In this manner, the history of old-fashioned housing in inner cities repeats itself in the periphery: “Every town that has not room and work enough for all, needs a place to get rid of the redundant. Every town concerned about its noble image, needs a dump for the intruders, for dysfunctional and inadaptable folks.” This is how Karl Schloegel so rationally once described old Kreuzberg, the previously neglected “Eastern-like” neighbourhood of former West Berlin. But Schloegel also praised the “dump” as “the first anchor-place for countless immigrants.”
Such praise could equally apply to East Berlin’s Prenzlauer Berg. In the seventies, this neighbourhood and Kreuzberg were officially condemned as a “slums”, but became favorite refuges for “new” Berliners: foreign immigrants, to be sure, but also young men evading West German army service and dissidents from East German small towns. On both sides of the Berlin Wall, these “inadaptable” elements created new ways of life, new urban trends, new ideas of individuality and happiness. They squatted in older houses that they found valuable. And in both inner-city neighbourhoods – Kreuzberg in the West as well as Prenzlauer Berg in the East – the “New Berliners” ultimately won. They established the trends for the city’s future. Urban society got a kick in the pants. The squatters prevented the condemnation of old houses, and planners started to rethink urban renewal policies in older residential neighbourhoods.
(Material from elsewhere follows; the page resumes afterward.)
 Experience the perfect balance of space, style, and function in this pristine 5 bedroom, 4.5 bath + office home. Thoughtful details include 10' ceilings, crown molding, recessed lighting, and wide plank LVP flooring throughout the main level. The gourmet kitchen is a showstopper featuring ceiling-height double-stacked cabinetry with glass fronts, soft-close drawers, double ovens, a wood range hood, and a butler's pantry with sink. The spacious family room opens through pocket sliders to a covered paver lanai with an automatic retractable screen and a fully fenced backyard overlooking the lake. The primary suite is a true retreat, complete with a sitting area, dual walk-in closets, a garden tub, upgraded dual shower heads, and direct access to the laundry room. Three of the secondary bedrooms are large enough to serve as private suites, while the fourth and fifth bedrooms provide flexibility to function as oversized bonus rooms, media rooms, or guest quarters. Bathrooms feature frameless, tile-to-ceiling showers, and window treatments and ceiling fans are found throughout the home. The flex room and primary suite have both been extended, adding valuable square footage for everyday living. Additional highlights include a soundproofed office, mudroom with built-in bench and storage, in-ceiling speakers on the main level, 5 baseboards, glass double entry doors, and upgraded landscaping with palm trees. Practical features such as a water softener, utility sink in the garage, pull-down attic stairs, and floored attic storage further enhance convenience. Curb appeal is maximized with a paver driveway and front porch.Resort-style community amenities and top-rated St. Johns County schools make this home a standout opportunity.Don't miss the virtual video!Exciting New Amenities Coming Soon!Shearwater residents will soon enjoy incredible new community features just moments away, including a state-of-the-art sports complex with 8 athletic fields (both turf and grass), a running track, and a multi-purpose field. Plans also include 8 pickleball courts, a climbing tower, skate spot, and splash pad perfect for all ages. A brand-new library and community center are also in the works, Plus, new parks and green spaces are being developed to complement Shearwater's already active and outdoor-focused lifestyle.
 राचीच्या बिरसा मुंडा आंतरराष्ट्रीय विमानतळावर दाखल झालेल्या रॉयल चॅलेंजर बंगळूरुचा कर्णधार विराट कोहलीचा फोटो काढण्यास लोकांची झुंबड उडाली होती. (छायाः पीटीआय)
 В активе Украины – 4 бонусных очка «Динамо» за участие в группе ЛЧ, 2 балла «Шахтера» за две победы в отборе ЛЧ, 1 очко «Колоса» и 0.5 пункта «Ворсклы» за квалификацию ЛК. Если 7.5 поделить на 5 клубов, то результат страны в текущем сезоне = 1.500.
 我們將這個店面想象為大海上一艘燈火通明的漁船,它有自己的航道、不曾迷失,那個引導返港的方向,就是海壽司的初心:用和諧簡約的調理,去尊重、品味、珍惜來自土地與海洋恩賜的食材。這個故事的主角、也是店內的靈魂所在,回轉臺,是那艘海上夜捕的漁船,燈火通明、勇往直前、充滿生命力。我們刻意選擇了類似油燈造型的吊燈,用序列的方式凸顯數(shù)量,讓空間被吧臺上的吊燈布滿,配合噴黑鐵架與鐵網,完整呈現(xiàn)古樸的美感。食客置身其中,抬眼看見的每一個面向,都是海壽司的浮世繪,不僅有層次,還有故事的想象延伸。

The process by which modernist, i.e. master-planned, townscapes adapt to new, often chaotic social circumstances, is useful to observe. It is happening quietly, without fanfare, before local government intervenes. Why are these ill-famed outskirts are so surprisingly “elastic”? How did they become the “anchor-places” for immigrants left to their own devices? The reason is, ironically, the general contempt with which they are regarded and their consequent public neglect. It is precisely the local disorder and loss of cultural valuation that create the conditions for revival. They open up spaces where "circumstances would come up to dance”.
Urban neighbourhoods passing through crises and decline are the very places where a city faces its next set of challenges. In the 1980s, Kreuzberg was the locale where Berlin learned how to live on despite the disappearance of industrial work, the beginning of worldwide migrations, and the decline of social welfare systems. Today, in Marzahn and Hellersdorf, one can assess the fundamental changes in Berlin after the Fall of the Wall. Everything here indicates that the city has gained a new geographical accent. As John Czaplicka (1998) once said, Berlin has become a frontier town, the doorstep of the East. Furthermore, Berlin will not be able to avoid most of the transformation problems that the other Eastern metropolises have to manage. Although the local government does not like to be compared in this way, it is nonetheless necessary to state that Berlin’s problems are closer to those of Warsaw, Vienna or Budapest than to those of Milan, Brussels or London. Just open your ears on the tram or S-Bahn and listen to the people travelling with you.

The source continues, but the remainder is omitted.